« Réarmement démographique » sont les termes marquants du dernier discours d’Emmanuel Macron. Des propos qui semblent plus que délibérés car prononcés plusieurs fois, telle une leçon que l’on voudrait faire mémoriser. Avec ces termes lourds de sens et tout droit sortis d’un autre temps, Macron renvoie l’image d’un peuple de petits soldats chargés de se reproduire, mais au service de quoi ? La patrie ?
Et ces petits soldats qui produiraient de nouveaux petits soldats, de nouvelles armes, à quelle fin seraient-ils utilisés ? Contre qui ?

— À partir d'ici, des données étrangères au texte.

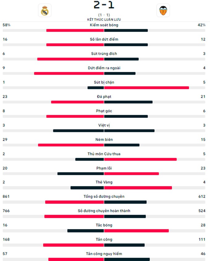 Trong khi đó, có đến 2 cầu thủ Valencia là Comert và Gaya không thể đưa được bóng vào lưới từ cự ly 11m. Nhọc nhằn vượt qua Valencia, Real sẽ chơi trận chung kết Siêu cúp Tây Ban Nha vào ngày 15/1 tới. Đối thủ của họ là đội thắng trong cặp bán kết còn lại giữa Betis và Barca.
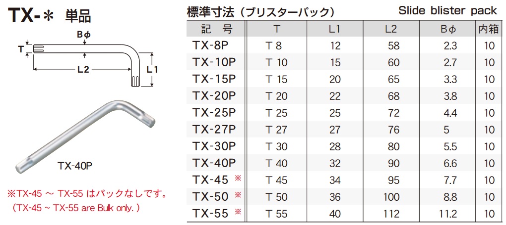 Bộ hoa thị chữ L: TXL-10 Gồm 10 cỡ từ T10 đến T55: Với các cỡ lục giác bông: T10, T15, T20, T25, T27, T30, T40, T45, T50, T55 Các cỡ hoa thị chữ L được bố trí trong vỉ nhựa |
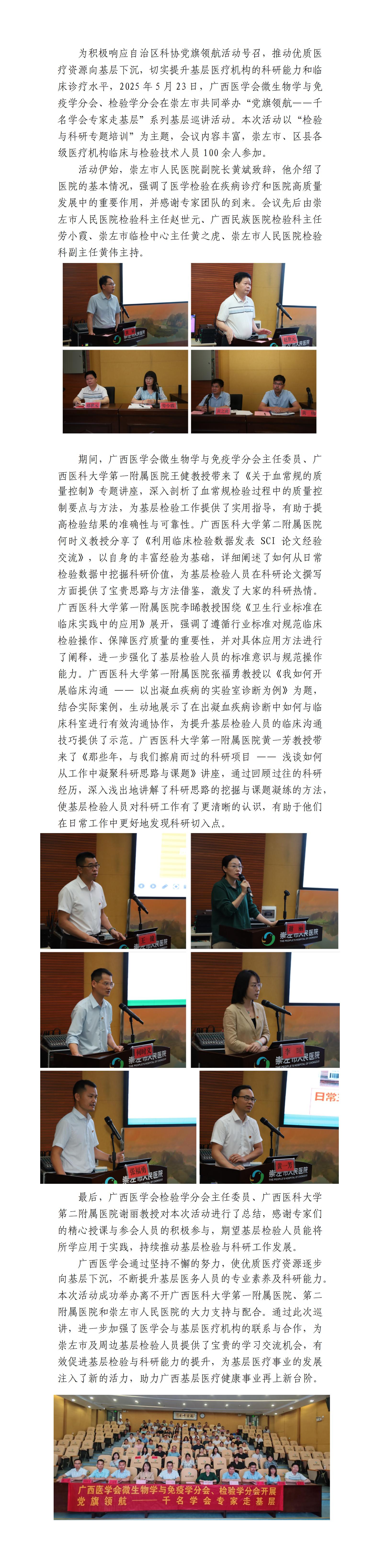 广西医学会微生物学与免疫学会、检验学分会共同开展“党旗领航—千名学会专家走基层”巡讲活动圆满举办(崇左站)
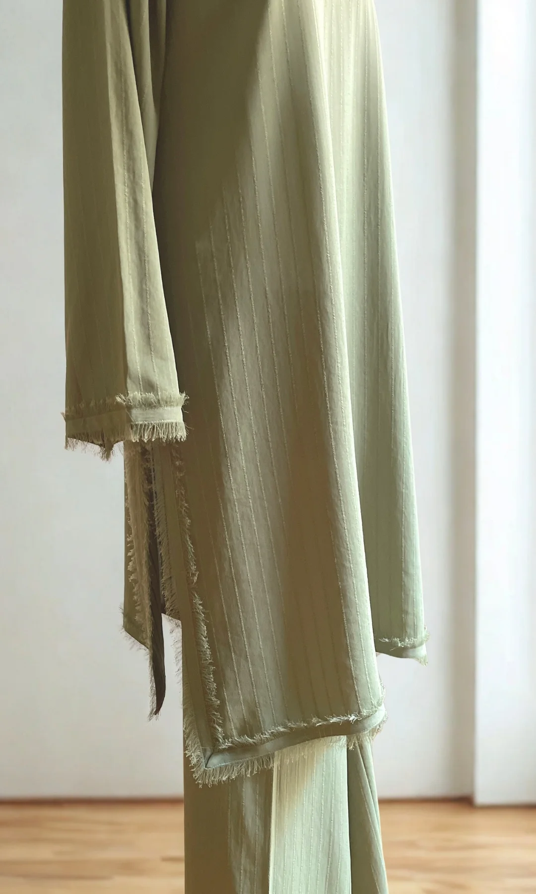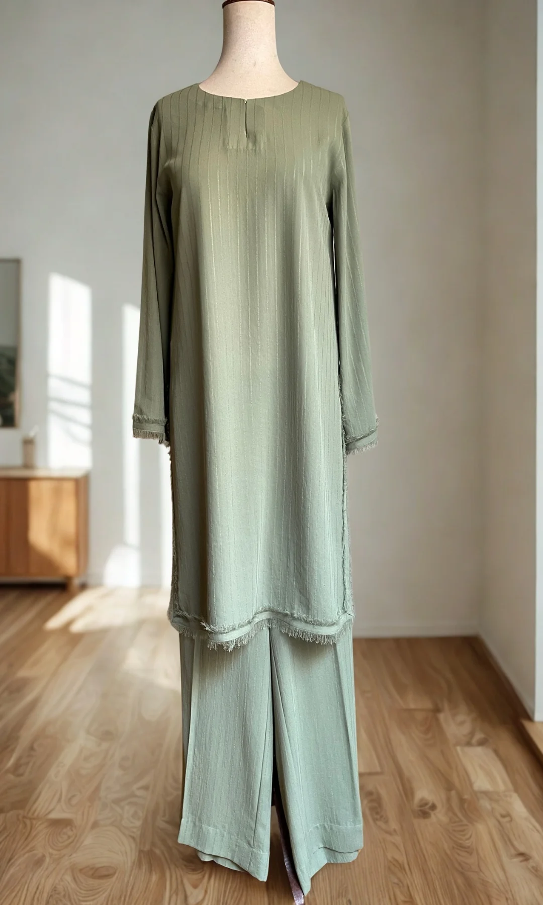 The plain but luxe feel outfit with frey details on the hem and chalks gives away that Eid feeling for a complete and refined style. Elevate your look with this outfit right away.
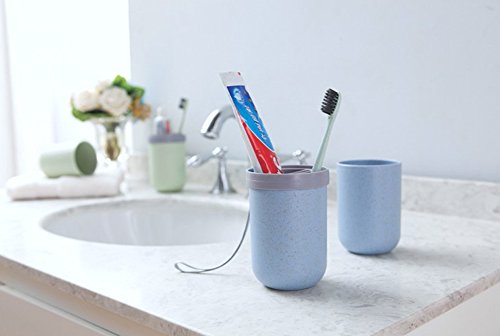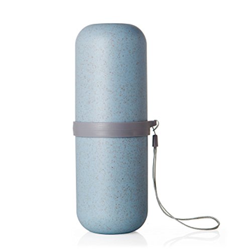 1Pcs Wheat Stalk Wash Gargle Cup Toothbrush Toothpaste Case/Holder/Container Storage Box for Travel and Outdoors (Blue)
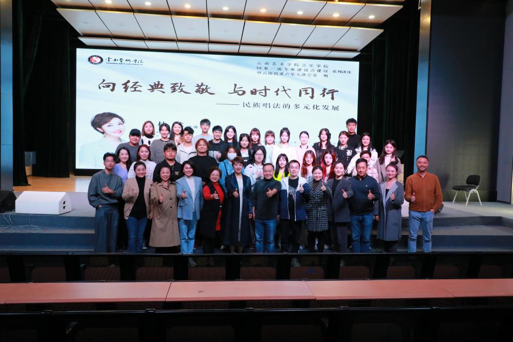 2022年10月28日,由云南艺术学院人人干人人看主办、人人干人人看民族声乐系承办的国家一流专业建设点建设暨云南民族声乐大讲堂第一期系列讲座 “向经典致敬,与时代同行”——民族唱法的多元化发展在云南艺术学院安康音乐厅开讲。人人干人人看民族声乐系系主任陈红玲教授主持、人人干人人看院长林林教授主讲。讲座采用线上线下的同步观看方式,吸引了全国各大高校师生在线上观摩与学习,引起高度的关注与好评。

Dans ce discours, il se détache du peuple français qui crie sa colère et sa souffrance depuis des années face à un gouvernement qui répond en faisant une boucherie des institutions chères à la République, telles que les hôpitaux publics, les écoles ou encore le système des retraites.

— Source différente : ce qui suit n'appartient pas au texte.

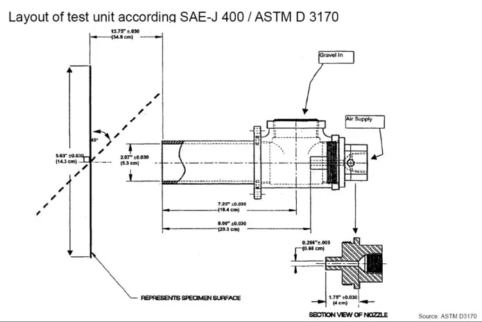 – The base of the SAE test method has been described in the standard “Test for Chip Resistance on Surface Coating” SAE J-400.
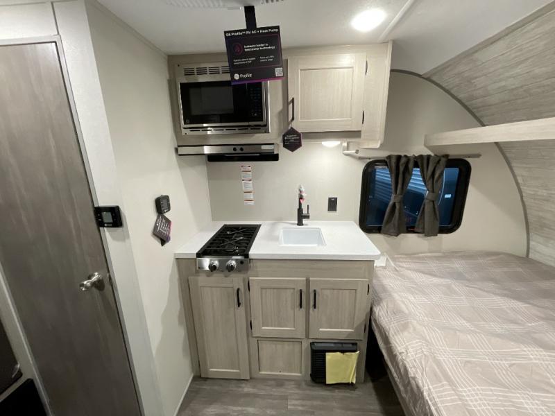 This lightweight travel trailer includes everything you need for comfortable camping trips at the lake. You can make your meals on the two burner cooktop or in the stainless steel microwave, and a 3.3 cu. ft. 12V refrigerator will keep leftovers fresh. A front queen bed provides a great night's rest, and there is a 29" booth dinette that will double as both dining and additional sleeping space. And a private bath with a 24" x 32" shower and toilet will let you easily freshen up without having to use the camp's facilities!
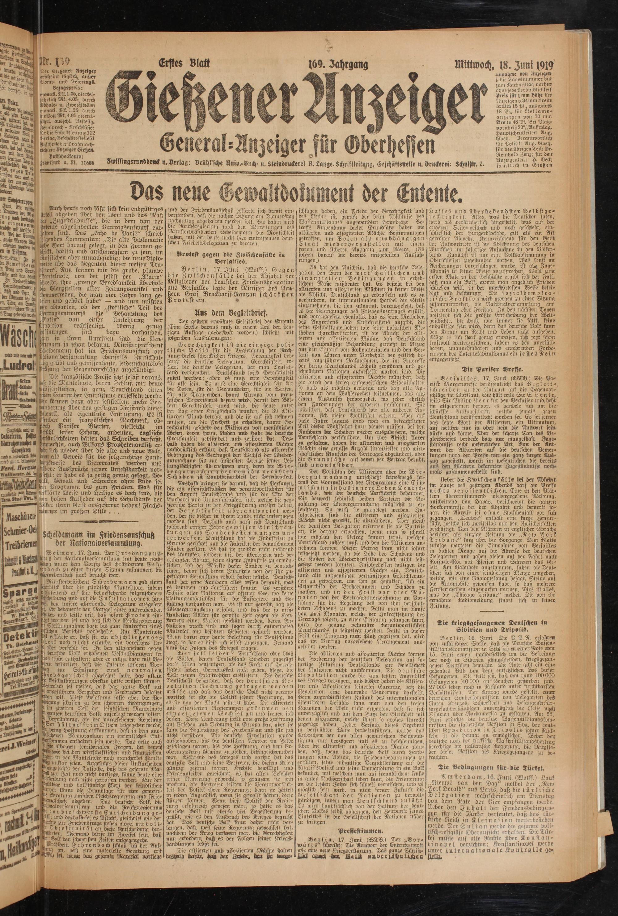 tiHiiaqmt von Unzetgea s. die iagesnummer bis1 zum Nachmittag vorher ohnejedeVcrbindtichkerß preis för \ mm höhe für Anzeigen o 34mm Breite örtlich 15 Pi., ausivärtA 18 Pf., für Reklameanzeigen von 70 mm Breite 48 Pf. Bei Platz- vorschriii20°/,Auischlag. Hauptschriitleiter: Ang. Goetz. Berantwortlicy für Politik: Ang. Goetz, für den übrigen Teil: Dr. Neinhold Zenz; für den Anzeigenteü: p. Beck; sämtlich in Gießen

Lorsqu’il parle de reproduction et de natalité, le président semble s’adresser aux jeunes adultes. Mais est-il véritablement attendu d’une population accablée par la précarité et l’incertitude de son futur de donner la vie ? Car il s’agit de vies dont on parle, non d’un déficit qu’il faudrait combler. Qui prendrait soin de ces enfants, à qui confier leur éducation, dans quels hôpitaux les soignerait-on alors même que des milliers d’enfants bien réels manquent déjà de quoi grandir et vivre décemment ?
On peut se demander quel est le public visé par ce message. Avec ce discours détaché de la réalité, ce n’est certainement pas l’opinion publique qu’il met de son côté car ces propos déshumanisants font scandale. Le discours de Macron semble s’inscrire dans une optique de séduction de l’extrême-droite qui s’opère depuis plusieurs années avec des signaux parfaitement ciblés vers cette partie-là de l’électorat français.

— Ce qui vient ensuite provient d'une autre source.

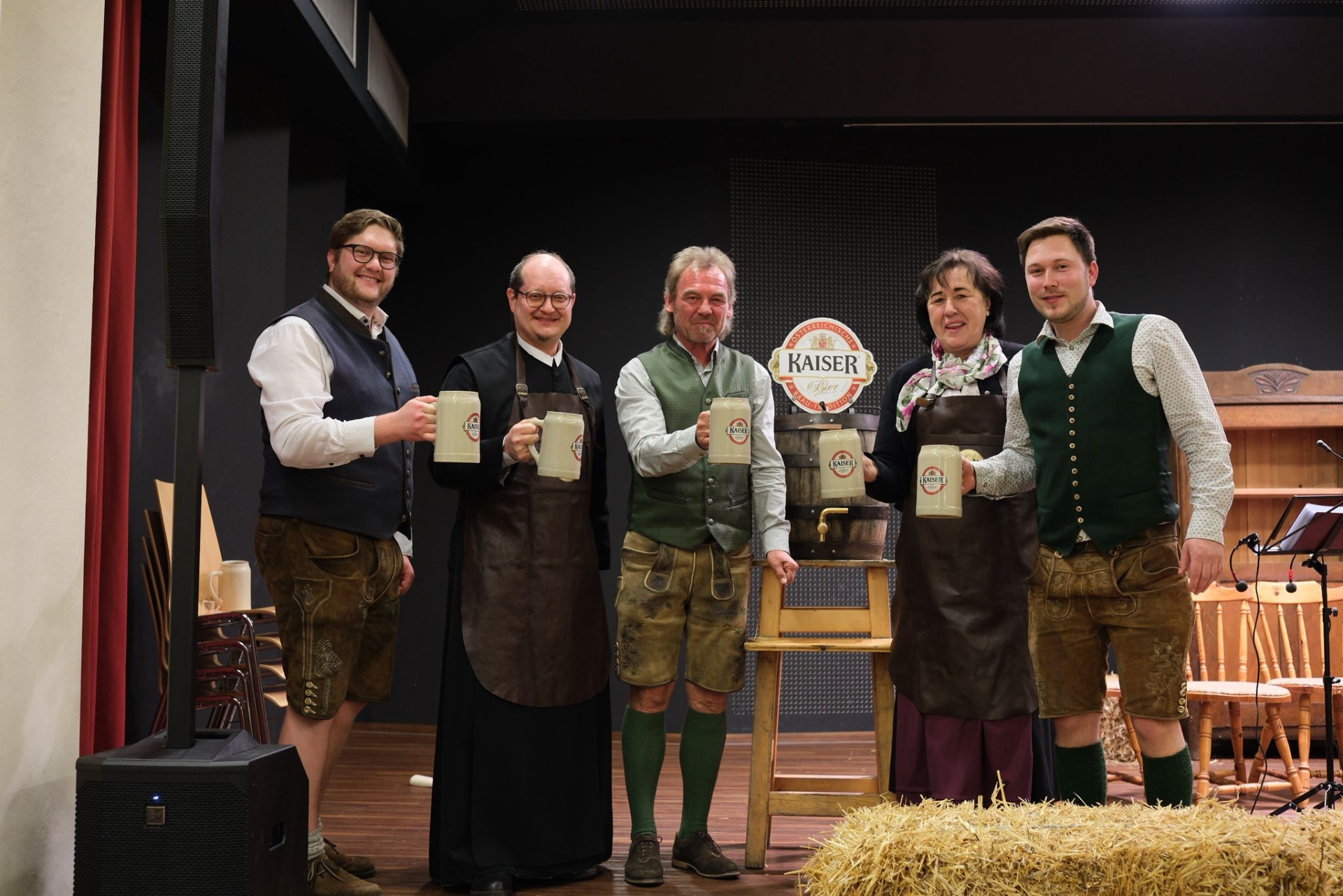 Foto vlnr: Kapellmeister Martin Bachner, Pfarrer P. Vitus Weichselbaumer, GGR Gerwald Schattleitner, Bgm. Juliana Günther und Obm. Georg Grissenberger beim Starkbieranstich

Qu’en est-il des femmes ? Des corps et des vies dont on veut faire un outil ?
Qu’en est-il des populations non-blanches, issues de l’immigration ou non, que ce plan nataliste semble exclure, en même temps que les politiques migratoires semblent se durcir en France ?
Avec un taux de natalité en 2023 légèrement en baisse comparé à celui de 2022, la France n’a pas à s’inquiéter d’une « urgence démographique », selon l’historien et démographe Hervé Le Bras. Tandis que de l’autre côté du globe, en Corée du Sud, où le taux de natalité est le plus bas au monde, le mouvement féministe 4B se popularise en opposition au gouvernement nataliste et à une société patriarcale où des attentes de genre strictes rendent la vie des femmes invivable.